A chaque fois qu’il est de retour après un combat, des centaines de personnes font la queue devant chez lui et il leur distribue de l’argent : 20 ou 30 $ à chacun, parfois 100 $. En ce moment il est en train de faire construire un hôpital. Je connais quelqu’un qui n’avait pas d’argent pour emmener son fils à l’hôpital et qui est allé voir Manny Pacquiao pour lui demander de l’aide. Manny lui a dit d’aller à l’hôpital, qu’il payait tout.

L’argent et le succès ne l’ont pas changé ?

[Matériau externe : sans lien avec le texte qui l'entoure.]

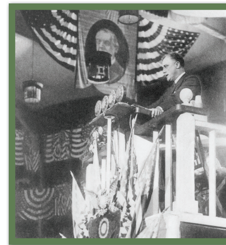
Franklin D. Roosevelt’s inspirational speech, in which Roosevelt lifted spirits and declared Gov. Al Smith America’s “Happy Warrior,” was a high point at the 1924 Democratic National Convention.
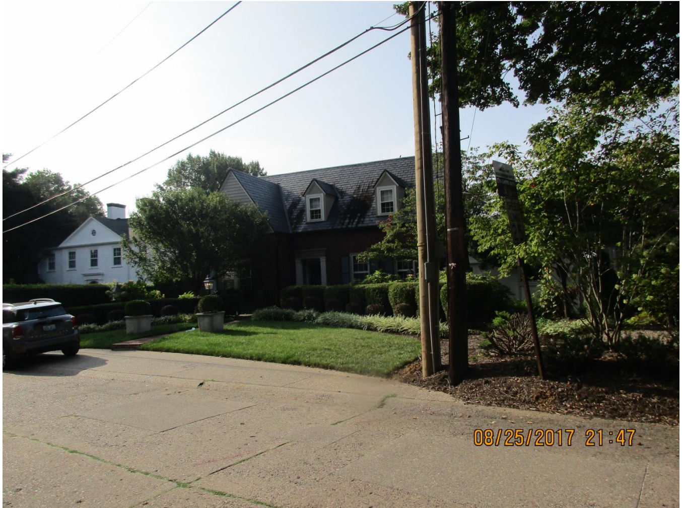
The residence to the left of the subject property.
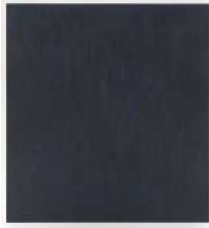
Black Painting: Ultramarine Blue, Burnt Umber IV, 1980 Oil on canvas 84 x 78 inches (213.4 x 198.1 cm) HAF-0215
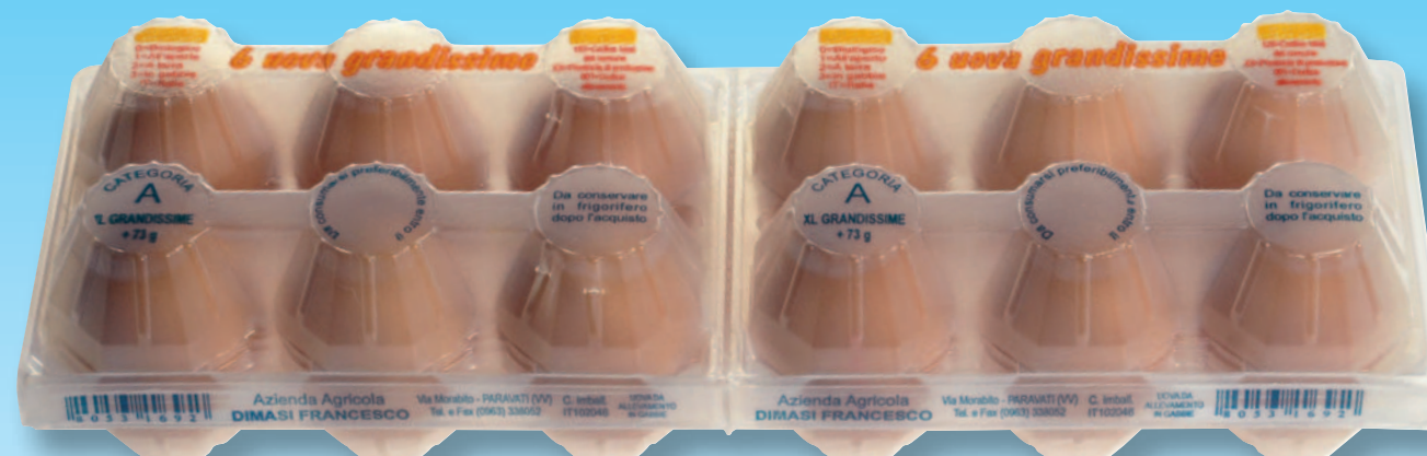
Mod. MAXI code: PU2X6PM material: POLYSTYRENE category of waight: XL
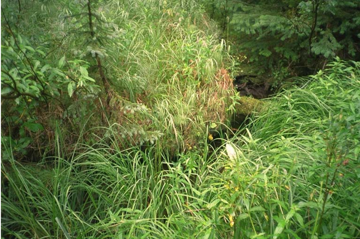
Direction of Photo: U CD #: 2 Image #: 56 Roll #: P4 Frame #: 1 Comment: Approximately 50 metres downstream of the confluence with tributary ILP 70060.

Site # 1 ILP # 70001 ILP Map # 093L.007 Reach # 18.0 Watershed Code: 000-000000-00000-00000-0000-0000-000-000-000-000-000-000
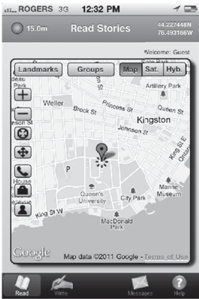
Fig. 7. A Landmark in Situated on an iPhone. The new Landmark supports storytelling, photo documentation, and ultimately game creation.

administrators and content creators, and has geographic locales supporting the idea that regions may have different communities of interest who wish to document their environment. Ultimately Situated has a strong relationship with the idea of hotspots in Energy Wars Mobile : in a future game scenario those hotspots might be anything that a community in Situated wished to document, meaning that Situated communities could transition to game communities.
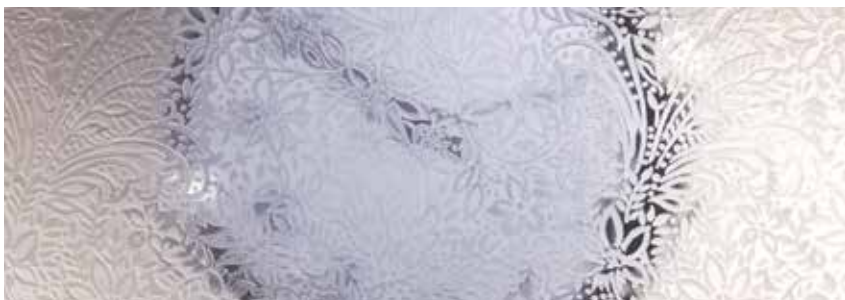
Chantilly™ Privacy Level 2
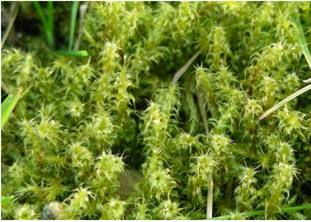
Figure 90. Rhytidiadelphus squarrosus , one of the nesting materials of Great Tits in the Czech Republic.

Álvarez et al. (2013) asserted that the properties and structure of a nest affect breeding performance. This drives the selection of behavior that produces nests characteristic of the species, including the appropriate nesting materials. Where preferred materials are low, birds select alternative materials, often at the cost of reduced breeding success. The researchers set out to support this hypothesis with the Great Tit, a species that has a wide range of habitats, using populations in four different Mediterranean habitats. Interestingly, the clutch size decreased as moss mass increased in the four sites. However, hatching success increased as the moss mass increased in one site. And in all the habitats, the nestling condition was poorer in nests with a greater proportion of sticks and feathers.
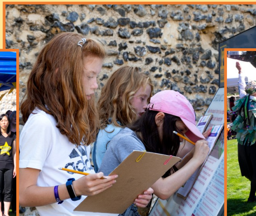
Searching for answers on The History Trail
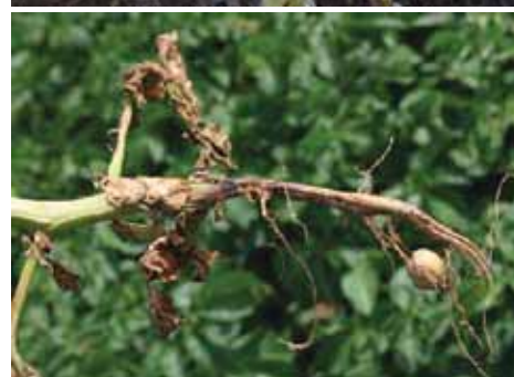
A potato plant infected by bacterial wilt (above). Diseased potato root and tuber.

Buy certified seed: Farmers should never buy potatoes meant for planting from their neighbours, if the potatoes are infected, the disease is transferred to your shamba. It is important to buy certified seed or from reputable potato growers who know more about bacterial wilt. New potato seeds should be planted in a field that has not been planted with potatoes the previous season.
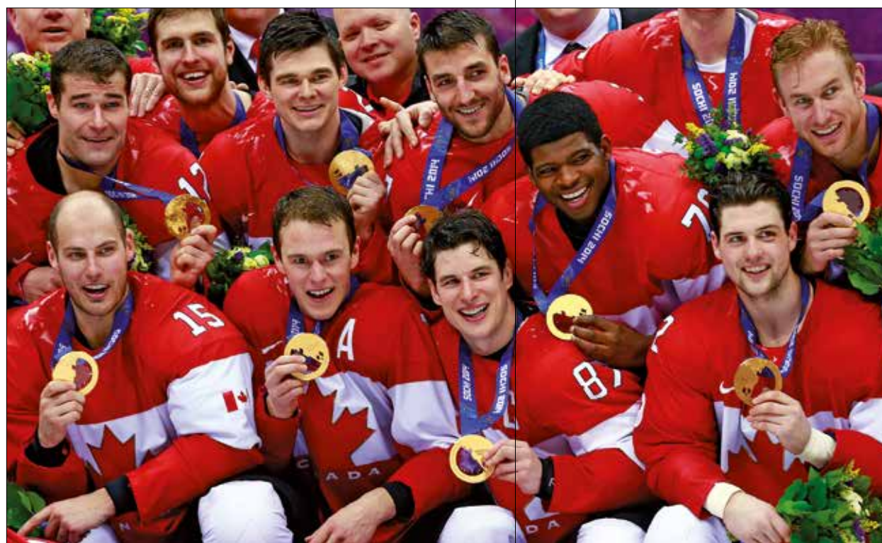
For all its offensive firepower, defence is something Canada took to extremes. In Sochi, the defending champs from Vancouver allowed just three goals in six games.

Tre Kronor had a perfect record prior to the final despite lacking captain Henrik Zetterberg and 2010 NHL scoring champ Henrik Sedin (not to mention Nicklas Backstrom's unfortunate doping disqualification versus Canada). And
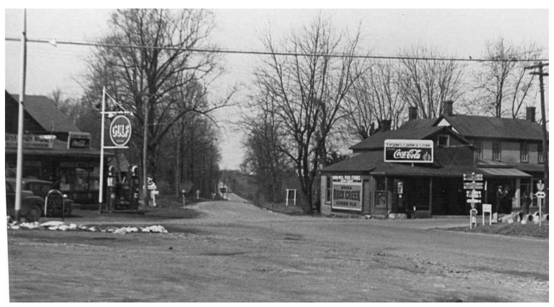
Tysons Corner, 1936. For more information click on image.
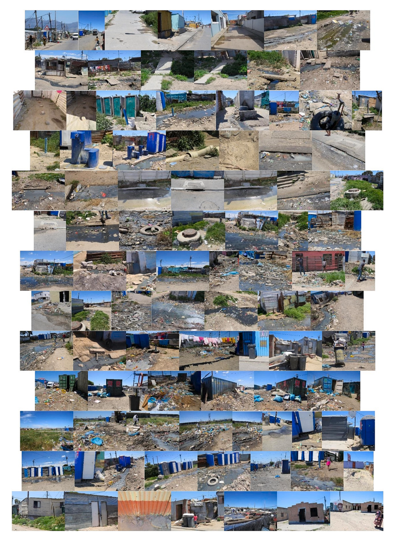
Fig. 2a. Sweet Home Farm co-researcher photo assemblage.
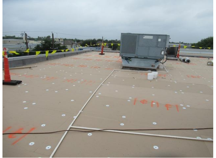
New TPO / Insulation Installation Overview
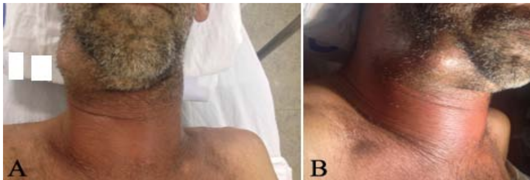
Figure 1. Preoperative clinical presentation of the edema in the right submandibular region in frontal (A) and lateral views (B).

The therapeutic intervention consisted of surgical drainage through an extraoral incision in the submandibular floating area (Figure 3). The procedure was performed under general anesthesia and endotracheal intubation. The incision was followed by digital dissection in the anteroposterior and craniocaudal directions. Two #2 Penrose's drains and one #1 Penrose's drain were installed on the right submandibular region, while a single #1 Penrose's drain was installed in the left submandibular region. A total volume of approximately 200 mL of purulent content was drained from the submandibular region. The patient was medicated with intravenous clindamycin (600 mg, every 6 hours, for 6 days). During this period new blood tests were performed (Table 1). Moreover, the patient presented better conditions, allowing the removal of drains. Follow-up was performed 10 days after the surgical intervention, revealing no sequelae or signs of infection (Figure 4).
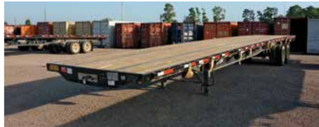
2014 Transcraft TL2000 48 Ft
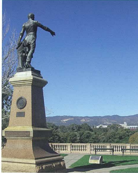
Colonel William Light, Adelaide. South Australia's tradition of strong planning continues today with a comprehensive inclusionary zoning policy

Most of the properties built to date have been for affordable home ownership not rental. Affordable sales are restricted
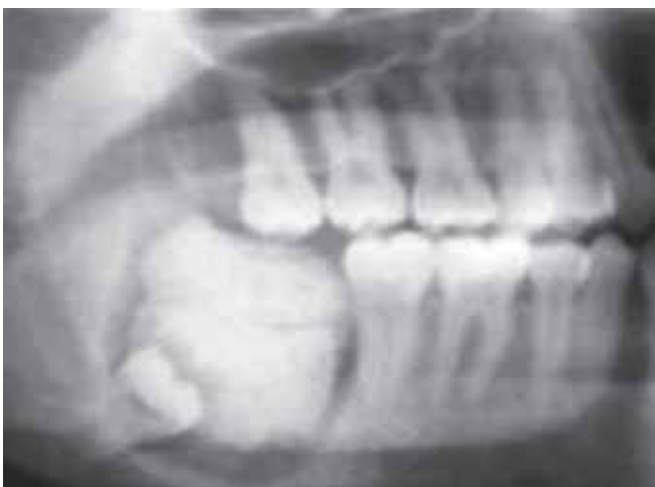
Fig. 3: Radiograph of complex odontome
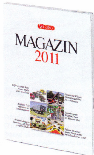
0006 18 WIKING magazine 2011

W IKING is celebrating the 50th anniversary of the legendary British roadster being launched onto the market: 50 years of the Jaguar E-type which has become synonymous with the stylish tradition of English sports cars. Alongside it stands the intricately detailed classic Eicher Königstiger tractor that tracks the nuanced colourways of the former tractor manufacturer. Another vehicle making a reappearance is a dumper trailer which is more than four decades old. WIKING has breathed new life into the historic moulds for this trailer while at the same time producing a trailer that can be used with the Hanomag truck from its range of new models on offer. The Unimog U20 and
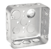
2-Gang Junction Box (Hardwired AC and/or DC)
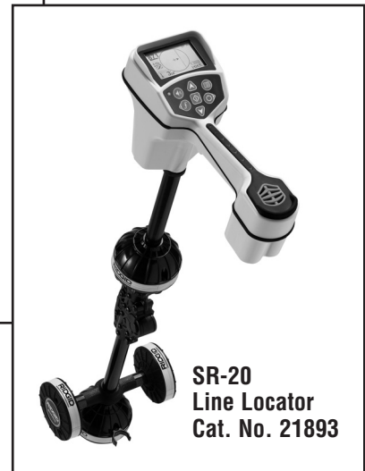
SR-20 Line Locator Cat. No. 21893
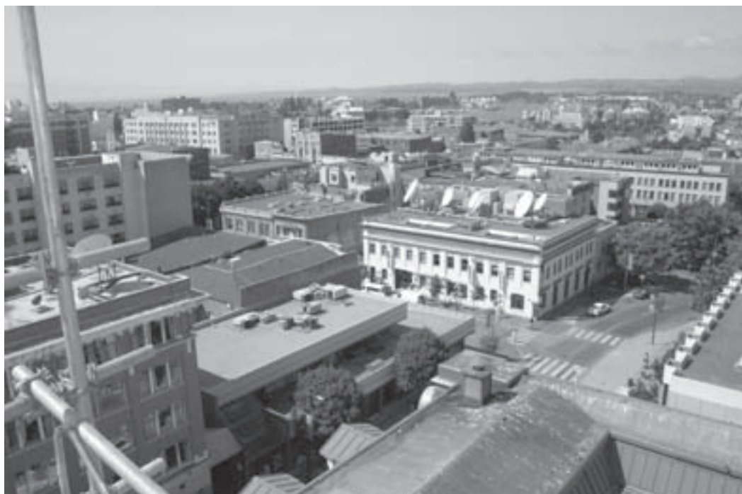
Old Town seen from the clock tower of City Hall.

This guidance has been developed under the powers given to municipal governments in British Columbia, according to Section 919.1(1)(d) and (f) and 970.1(1)&(2) of the Local Government Act item ii., that allows Council to approve the particulars of the exterior design and finish of all buildings and structures, and to establish landscaping standards.
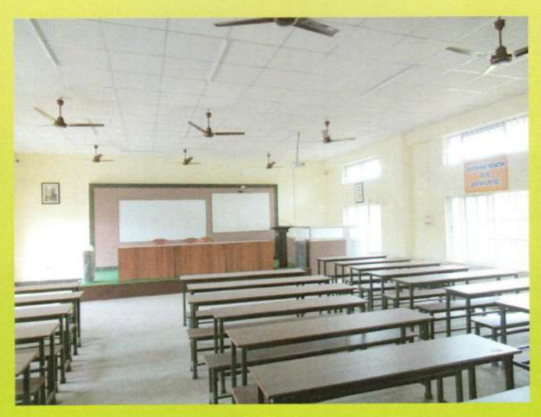
Hall - 1
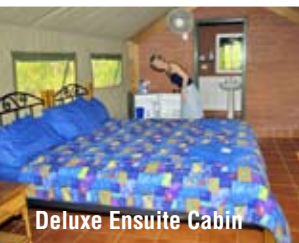
Deluxe Ensuite Cabin
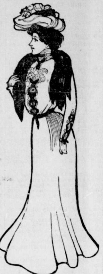
TAN CLOTH TOILET.

The toilet is of light tan cloth, with the long, gracefully trailing skirt adorned at either side of the front and in the middle of the back with a cluster of tiny short tucks. The blouse bodice is
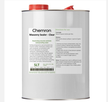
Masonry Sealer - Clear
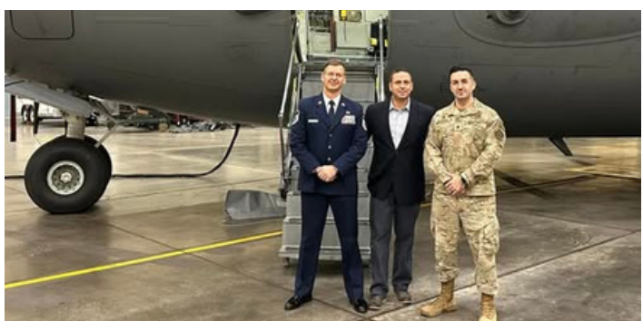
WREATHS ACROSS AMERICA WITH ORANGE COUNTY VETERANS SERVICE AGENCY
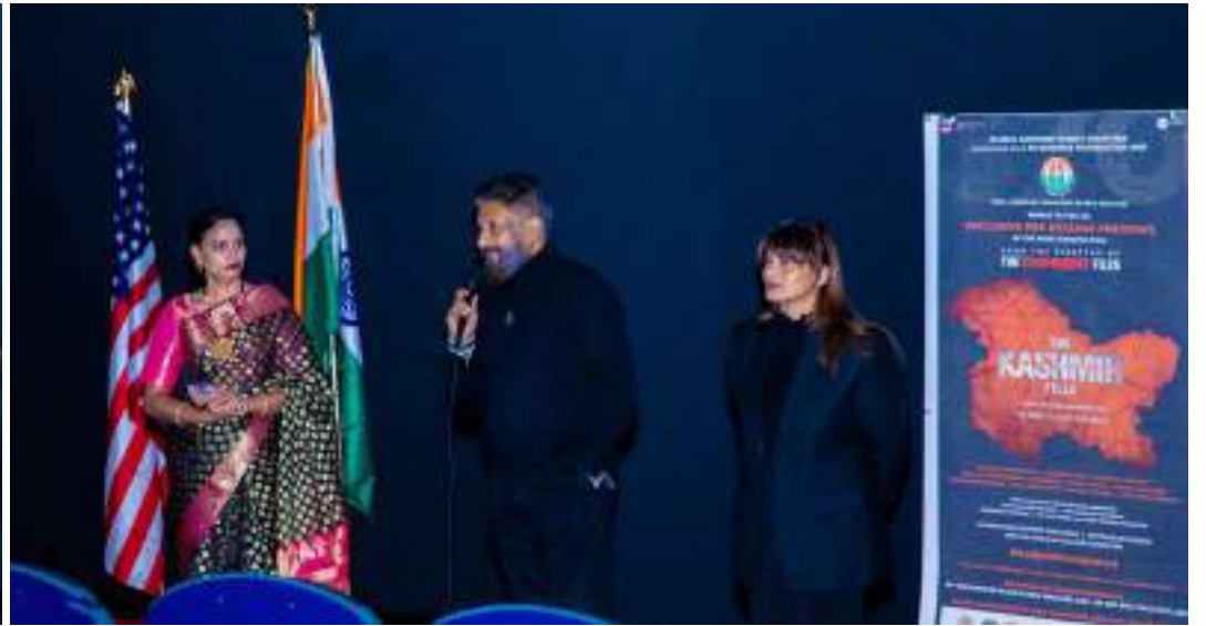
Mr. Vivek Agnihotri addressing the gathering
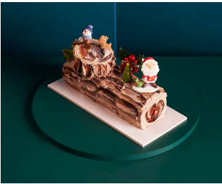
Chocolate Log Cake $108

An adorable, brandy-infused nutcracker filled with vanilla mousse, cranberry compote and Calvados apple chutney.
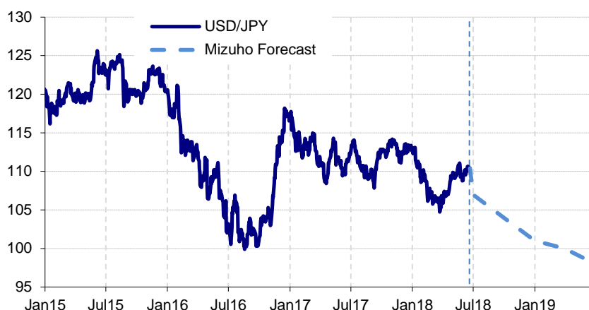
Fig. 2: We maintain our call of USD/JPY decline to 100 at year-end

We maintained our view that USD/JPY will gradually fall to 100 level (Fig. 2). For the USD side, the Fed may reach the peak of current rate hike cycle next year. In June, the Fed left its longer-term rate projection unchanged at 2.875%, which is regarded as Fed's target rate to achieve. This suggested limited room left for further rate hikes in coming years. We reckon that even two more rate hikes in H2 are not able to fuel upside momentum of USD/JPY. Moreover, concern over worsening US fiscal balance and Trump's weak USD policy implied by his protectionist stance could resurface and weigh on USD/JPY. The US mid-term election outcome will shed light on the outlook of Trump's presidency, and mounting political uncertainties boost safe-haven demand for JPY. For the JPY side, the possibility of ending Abenomics could fuel speculation of ending BoJ's aggressive monetary easing led by Abe's close allies of BoJ Governor Kuroda. The sliding popularity of PM Abe's Cabinet risks his leadership in Liberal Democratic Party (LDP) election in September. After all, it would be too early for the BoJ to begin QE exit this year as inflation remained well below 2% target. However, any speculation of BoJ's plan to exit QE and JPY's strong fundamentals should keep the JPY supported throughout the year.

Non, il a toujours eu les pieds sur terre. Bon c’est vrai qu’il aime bien être entouré de jolies filles… Mais bon, comment lui en vouloir ? Toutes les filles se jettent sur lui : il est beau, il est riche et sympa !

Et la politique ?

Ca ne me plaît pas trop. Il peut aider – il le fait déjà – sans avoir besoin de faire de la politique. Ce n’est pas au Congrès qu’il est le plus utile. D’ailleurs il y passe peu de temps. Il a d’autres activités importantes comme la boxe. Même s’il a sans doute une équipe qui travaille pour lui au Congrès, il est plus un symbole qu’autre chose.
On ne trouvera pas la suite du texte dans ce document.